◆ What the task asks ◆
Print every line below exactly as written, but leave the pictures behind.

- Opening Delimiter -

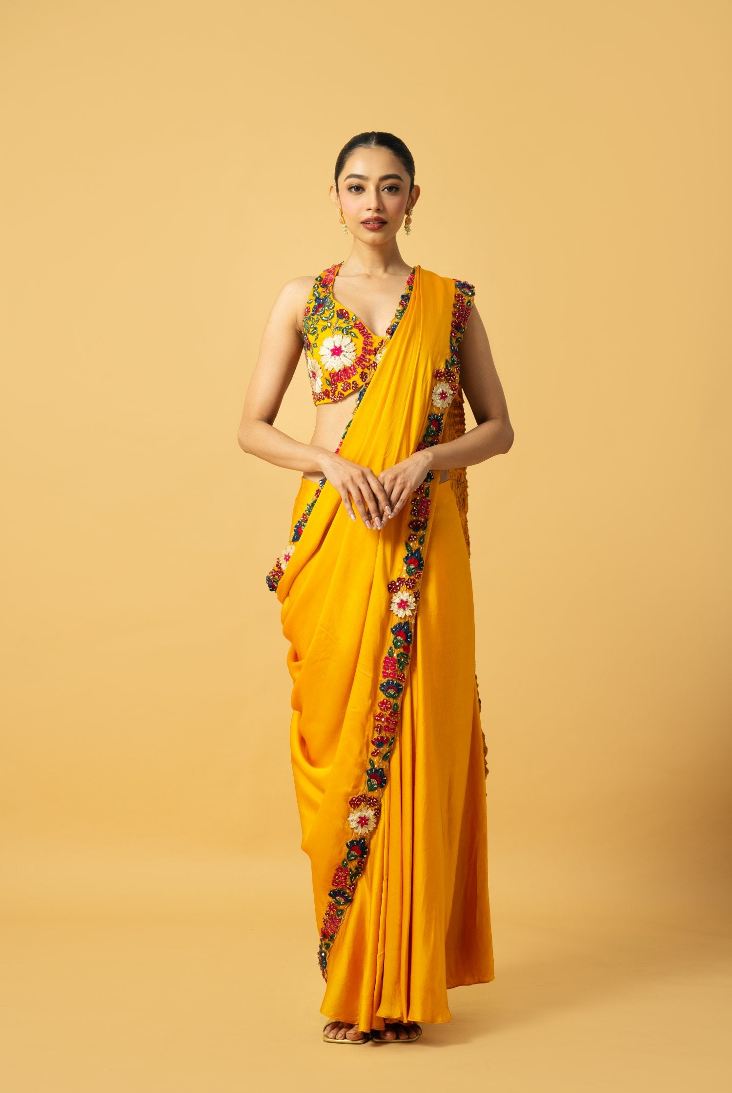 Golden Yellow Modal Satin Saree With Multi Coloured 3D Work On Blouse And Saree Edge . Hand Embroidery Consists Of Multi Coloured 3D Work
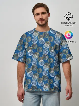 Мужская футболка оверсайз / Разноцветные Новогодние Узоры
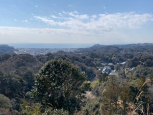 建長寺から山へ入り、山を登れば湘南の海が眺められます
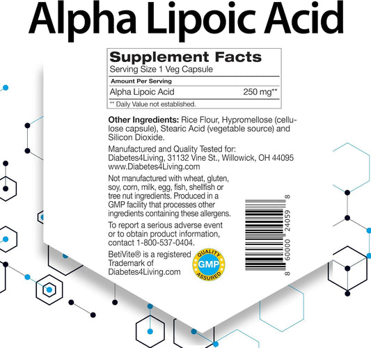 BetiVite Alpha Lipoic Acid 250 mg Supplements - 60 Vegetarian CapsulesVendor:BetiViteRegular price $119.69 AUDRegular priceUnit price / per-
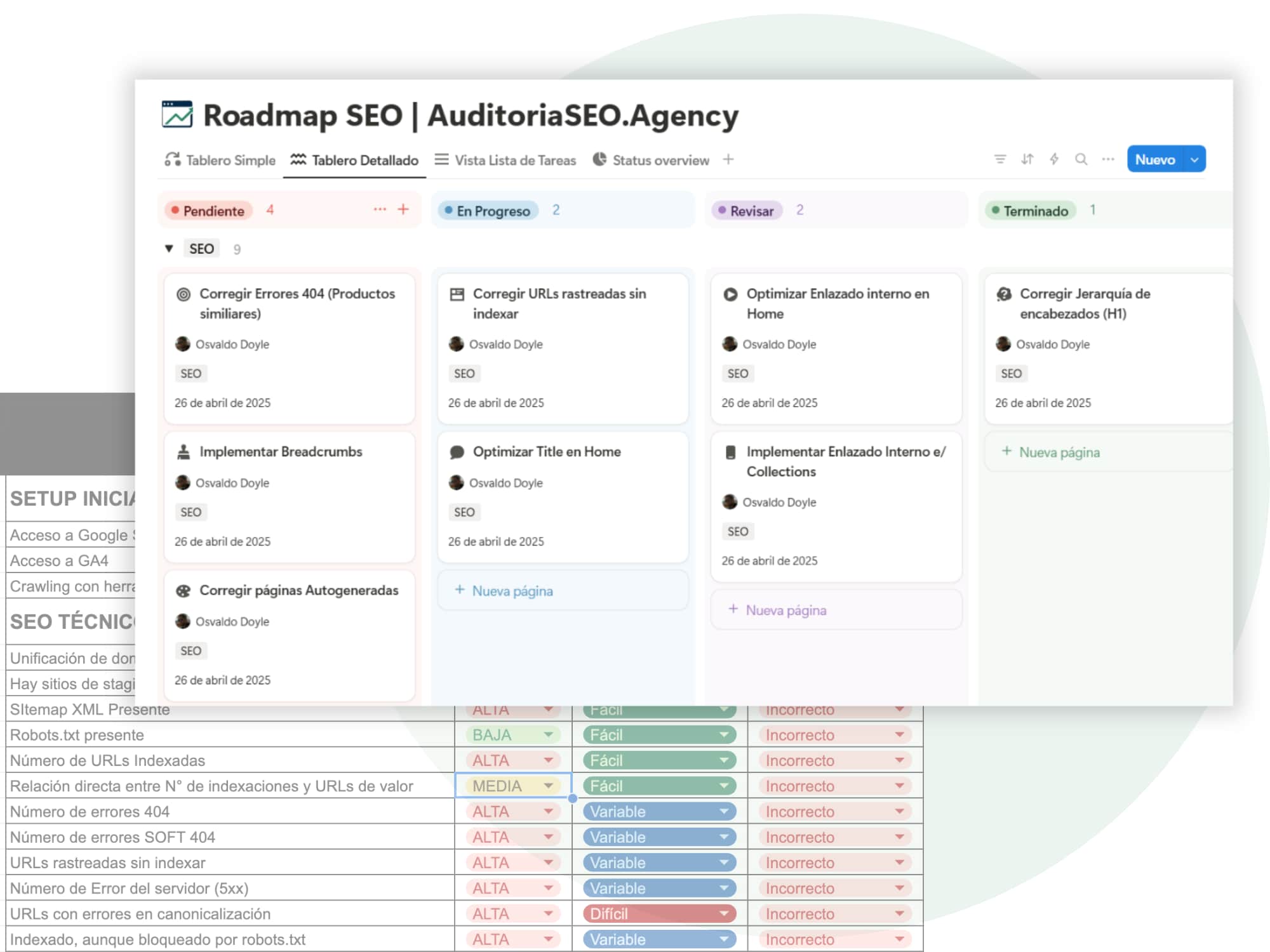 Te entregamos un roadmap SEO accionable, con todas las tareas organizadas según impacto y esfuerzo. Para que sepas qué implementar primero y qué puede esperar.

- Closing Delimiter -

◆ Reply ◆
 Golden Yellow Modal Satin Saree With Multi Coloured 3D Work On Blouse And Saree Edge . Hand Embroidery Consists Of Multi Coloured 3D Work
 Мужская футболка оверсайз / Разноцветные Новогодние Узоры
 建長寺から山へ入り、山を登れば湘南の海が眺められます
 BetiVite Alpha Lipoic Acid 250 mg Supplements - 60 Vegetarian CapsulesVendor:BetiViteRegular price $119.69 AUDRegular priceUnit price / per-
 Te entregamos un roadmap SEO accionable, con todas las tareas organizadas según impacto y esfuerzo. Para que sepas qué implementar primero y qué puede esperar.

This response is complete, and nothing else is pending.